Lowering hardware/data collection requirements
Facilitating safe, efficient learning in simulation before real-world deployment
Enabling new research directions in sim-to-real transfer and offline reinforcement learning where both visual and physical realism are essential

The framework's extensibility and emphasis on physical plausibility position it as a foundation for advanced embodied AI, with implications for future integrations with real-robot platforms and broader use in safety-critical fields such as healthcare and disaster response. An explicit next step, as mentioned in the source, is the unification of RoboScape simulation and real robot evaluation to further validate sim-to-real generalization.

RoboScape connects directly to broader trends in robotics research, including those identified by earlier works on web-scale evolutionary robotics (1406.3337), photorealistic simulation environments (1810.06936), educational visual programming tools for ROS-based robots (2011.13706), and reinforcement-learning-based service robot planners (2103.05225). A plausible implication is that the efficient, physics-informed approach of RoboScape lowers entry barriers for both research and education by supplying high-fidelity synthetic data and robust, controllable environments for simulation-driven innovation.

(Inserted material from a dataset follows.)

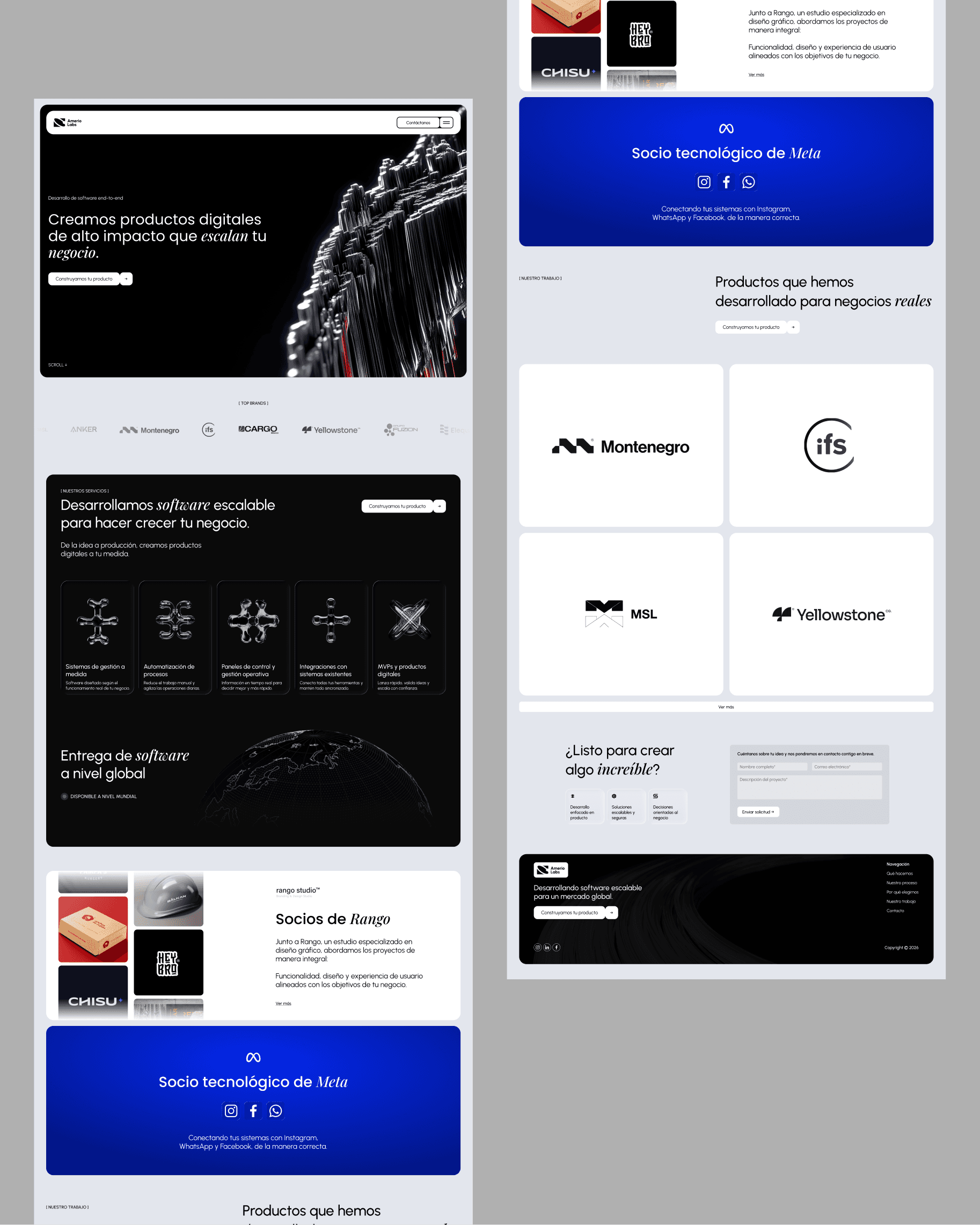 Se desarrolló el diseño web para Amerio Labs, una software factory enfocada en la creación de soluciones digitales modernas y escalables. El objetivo fue construir una experiencia clara y confiable, alineada con su posicionamiento tecnológico, transmitiendo innovación, solidez y una visión orientada al crecimiento.

RoboScape thus represents an architectural and methodological advance in the development of embodied AI, demonstrating that integrated physics supervision within world models contributes directly to higher-quality video prediction, more reliable policy training, and robust offline evaluation for modern robotics research.